Our users run AI agents that execute code in sandboxed environments, read and write files, and complete tasks autonomously. Our development process runs AI agents that execute code in CI environments, read and write files, and complete tasks autonomously.
The difference is surface-level: our users use LikeClaw’s web interface, and our CI uses GitHub Actions. The underlying pattern is identical: define a task, let the AI execute it, review the results.
This isn’t a coincidence. We built the development pipeline using the same principles we teach our users. And the things we learn from running this pipeline improve the product we build for them. It’s a virtuous cycle.
The numbers
Since enabling the autonomous development pipeline:
- PRs created by AI: dozens
- Average time from issue to PR: minutes, not hours
- Test failures caught before submission: multiple per week
- Production incidents caused by AI-written code: zero (so far)
That last number is the one that matters most. Zero production incidents. Every AI-written change went through tests, AI review, and human review before merging. The three-layer safety net works.
This is just the beginning
Today, the AI handles bug fixes, dependency updates, and straightforward feature implementations. Tomorrow, it will handle more complex tasks: multi-file refactoring, performance optimization, test generation.
The key insight isn’t that AI can write code. It’s that AI can participate in a development workflow with proper guardrails.

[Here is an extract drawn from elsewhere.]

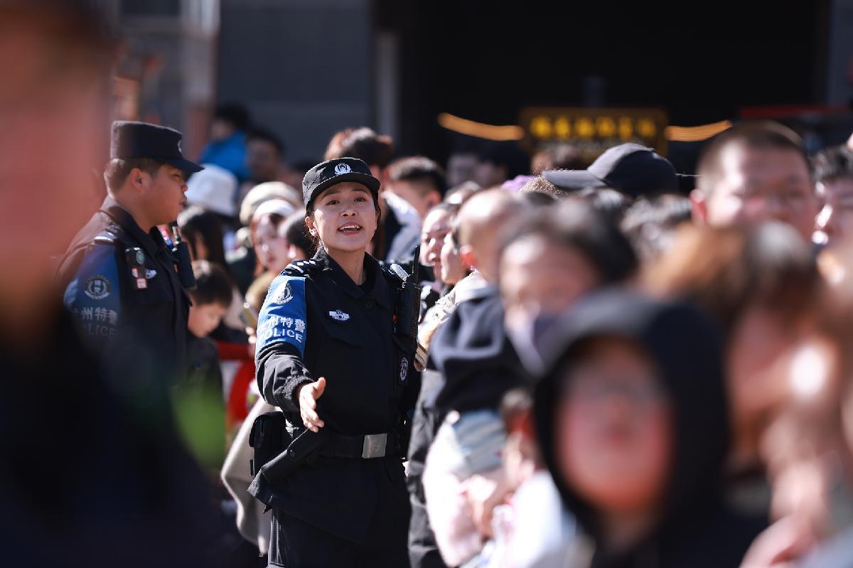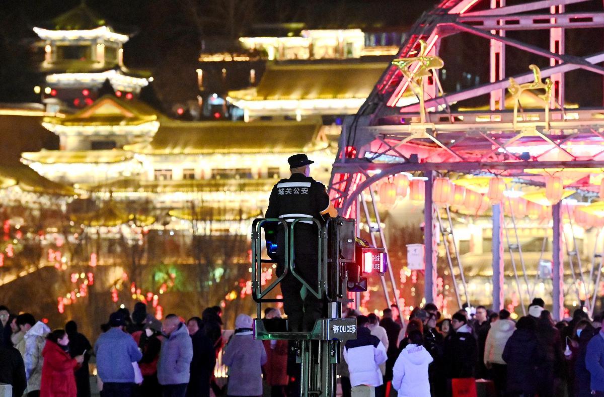 2月20日,甘肅省蘭州市公安局民輔警在蘭州老街非遺踩高蹺表演現(xiàn)場疏導(dǎo)客流、維護(hù)秩序。
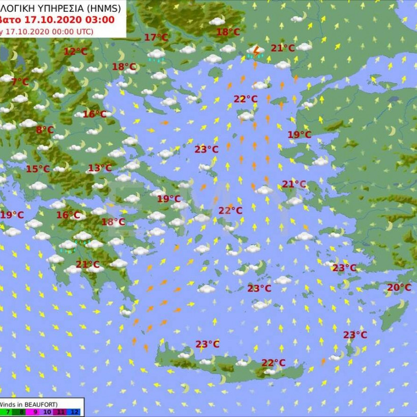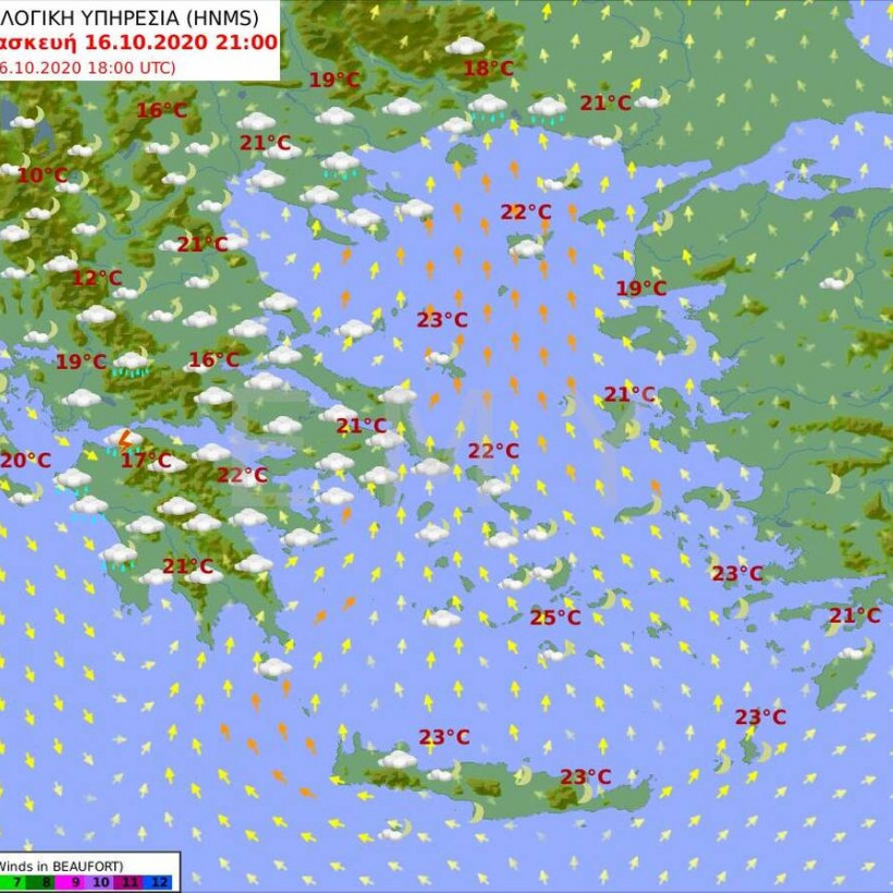 Άνεμοι: Από νότιες διευθύνσεις 4 με 6 και στα νότια τοπικά 7 μποφόρ.

Tests, reviews, and human oversight make AI-generated code safe. Remove any of those layers and you have a risk. Keep all three and you have a tool that multiplies your team’s output.
We’re a small team shipping 7.5 commits per day. Some of those commits are human-written. Some are AI-written. All of them are human-approved.
That’s the future of software development. Not AI replacing developers. AI accelerating developers. With proper guardrails. At 3 AM. While the team sleeps.
The autonomous development pipeline
- 1
Issue filed
A bug is reported or a feature is requested via GitHub Issues. Can come from a user, a team member, or automated monitoring.
- 2
AI reads and understands
Claude reads the issue, explores the codebase, identifies the relevant files, and formulates a solution approach.
- 3
Code is written
Claude writes the fix or feature on a new branch. It runs the test suite. If tests fail, it fixes the code and retries.
- 4
PR is created and reviewed
An automated PR is created with a concise summary. A separate Claude instance reviews the code for bugs, security, and style.
- 5
Human approves
A human reviews the PR, the AI's code review comments, and the test results. Then merges or requests changes.
Before
Development without AI in the loop
- Issue sits in backlog for days or weeks
- Developer spends 30+ minutes understanding context
- Code review takes hours of waiting
- Simple bugs consume entire morning blocks
After
Development with AI in the loop
- Issue has a PR within minutes of being filed
- AI has already explored the codebase and written tests
- Code review is instantaneous — human only reviews the review
- Simple bugs are fixed before the team wakes up
Questions about AI-powered development
How much of your code is written by AI?
It varies. Routine bug fixes, dependency updates, and simple features are mostly AI-written with human review. Architectural decisions, complex features, and security-sensitive code are human-written with AI review. The ratio shifts week to week.
What prevents the AI from making bad changes?
Three layers: automated tests that must pass, AI code review that checks for issues, and mandatory human approval before merge. The AI never pushes directly to main.
Can your users do this too?
The same principles apply. LikeClaw users can set up background agents that write code, analyze repositories, and generate reports. The tools we use internally are the same tools we offer to users.